When I was five or six, our little group at school would spend endless breaktimes digging tunnels through the hard dry clay soil our school stood on, building miniworlds of complex levels for various toys to enjoy in an area probably no more than two metres wide. All around the playing field, other groups, groups I had no idea of, did the same, with tiny regions of their own.

A couple of years latter, and we were all about dens for ourselves, under brambles and in the deep dry grass that surrounded our house. Each den carved out a small world which we knew in detail: each branch and stone, each old birds' nest and animal smeuse winding its way through the dense hedgerows.

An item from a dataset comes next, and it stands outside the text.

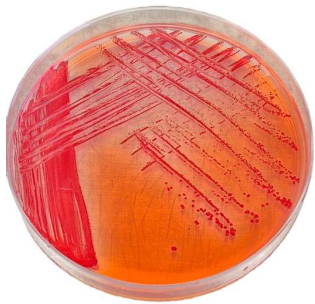
Figura 2. Cultivo de bacteria fijadora de nitrógeno: Azospirillum brasilense .

Actualmente, se encuentra trabajando en la gestión de recursos para establecer una biofábrica de biofertilizantes que permita producir inóculos de PGPB de alta calidad, con el objetivo de escalarlos a nivel de finca. Todas estas acciones contribuyen a fortalecer la resiliencia del cultivo y a fomentar una producción ambientalmente responsable en el sector cañero azucarero de Costa Rica.

But perhaps the peak of this intimacy settled on the ford just down from our house, where one of the many local chalk streams came out from its thick water grass and spilled under a footbridge into a pond which no sane driver would actually attempt1. The ford was the centre of our world: entertainment, education, and meetplace. It was the boundary where new comers would be tested against our moral standards, where knowledge of the depths and shallows was a matter of life and death, where understanding the eel-hides and minnow movements gave you access to the power of a natural magic.

From this pole we would spill out as our confidence grew, first to the underbridges and islands of the surrounding chalk streams, then the abandoned corners of local scrubs and woods, the owners of which never seemed to mind us setting up camp. From there, we wound our way out across the estuary and The Downs, to the far reaches of the country and planet, but with size comes generality, and so we always found our way back to the ford, with our lovers and then with our children, that they should see the beauty of an hour watching water boatmen and the glory of the caddis larva, and know that from this small detailed centre, the universe should rightfully proceed.

9 July 1976

 

Notes:

1 Though people did, to our continual excitement.